Exercise objective
The listing below should be printed again word for word, without any images.

Data provided
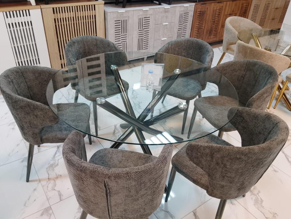 تتميز هذه الطاولة بتصميمها الأنيق والعصري الذي يجمع بين جمال الزجاج وبريق الاستيل. سطح الطاولة المصنوع من الزجاج الشفاف يعطي إحساسًا بالرحابة والنقاء، بينما أرجلها المصنوعة من الكروم الاسود تضيف لمسة من الفخامة والأناقة.
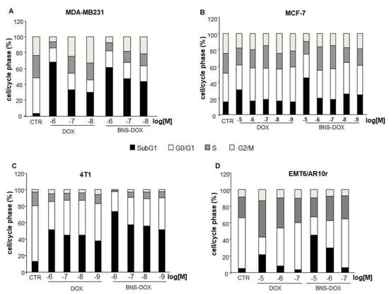 Effects of DOX and BNS-DOX treatment on cell cycle. (A,B) MDA-MB231 and MCF-7 human breast cancer cell lines and (C,D) 4T1 and EMR6/AR10r mouse breast cancer cell lines (1.5 × 105) were treated or not with DOX and BNS-DOX for 72 h and the cell cycle was then assessed by flow cytometry. Graphs represented the % of the quantification of cell cycle phases from three independent experiments.
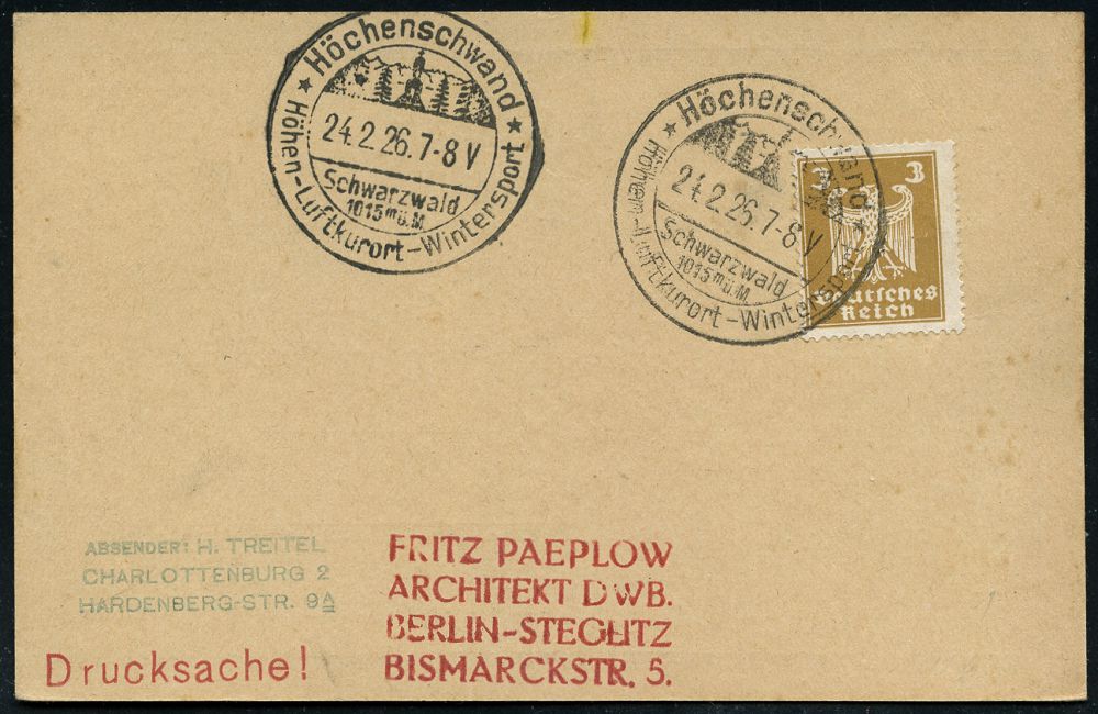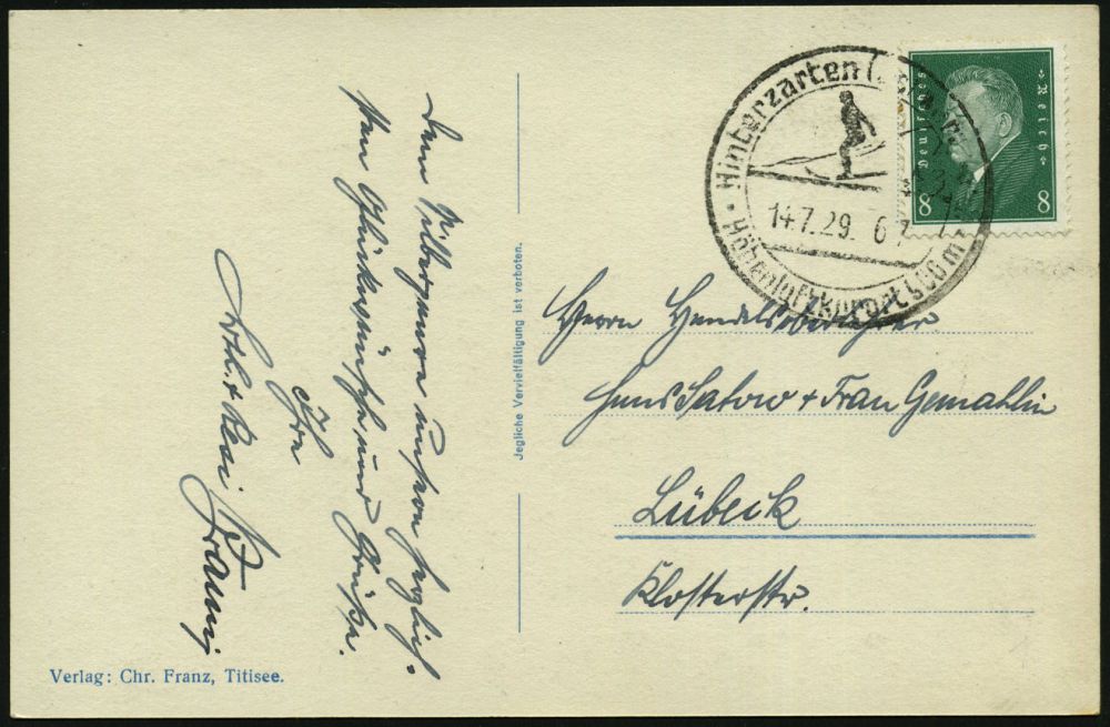 5702 | 15 € | POSTLEITRAUM 7800 (OHNE FREIBURG) : Hinterzarten (Schwarzwald)/ Höhenluftkurort.. 1925 (25.5.) HWSt = Skiläufer , 2x klar auf Inl.-Karte (Bo.1, Erstjahr) | ![]() | |
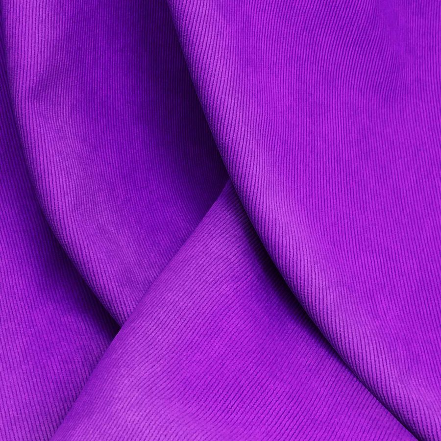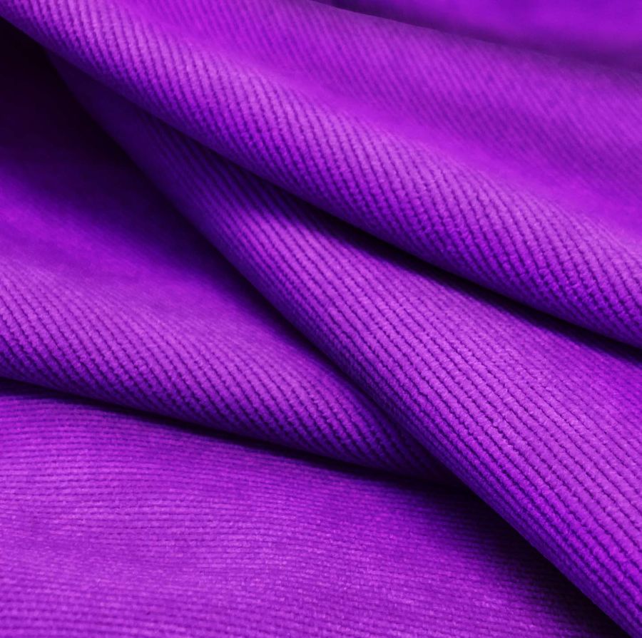 La tela base es la Pana Aterciopelada - Dublin, compuesta por un 85% de poliéster, un 12% de poliamida y un 3% de elastano. Su gramaje es de 280 gr/m2 y tiene un ancho de 150 cm. El color liso impreso en la tela es Morado/Violeta Francés, con un valor de CMYK de 73 85 0 0. Este color combina bien con tonos grises, blancos y cremas.

Task response
 تتميز هذه الطاولة بتصميمها الأنيق والعصري الذي يجمع بين جمال الزجاج وبريق الاستيل. سطح الطاولة المصنوع من الزجاج الشفاف يعطي إحساسًا بالرحابة والنقاء، بينما أرجلها المصنوعة من الكروم الاسود تضيف لمسة من الفخامة والأناقة.
 Effects of DOX and BNS-DOX treatment on cell cycle. (A,B) MDA-MB231 and MCF-7 human breast cancer cell lines and (C,D) 4T1 and EMR6/AR10r mouse breast cancer cell lines (1.5 × 105) were treated or not with DOX and BNS-DOX for 72 h and the cell cycle was then assessed by flow cytometry. Graphs represented the % of the quantification of cell cycle phases from three independent experiments.
 5702 | 15 € | POSTLEITRAUM 7800 (OHNE FREIBURG) : Hinterzarten (Schwarzwald)/ Höhenluftkurort.. 1925 (25.5.) HWSt = Skiläufer , 2x klar auf Inl.-Karte (Bo.1, Erstjahr) | ![]() | |
 La tela base es la Pana Aterciopelada - Dublin, compuesta por un 85% de poliéster, un 12% de poliamida y un 3% de elastano. Su gramaje es de 280 gr/m2 y tiene un ancho de 150 cm. El color liso impreso en la tela es Morado/Violeta Francés, con un valor de CMYK de 73 85 0 0. Este color combina bien con tonos grises, blancos y cremas.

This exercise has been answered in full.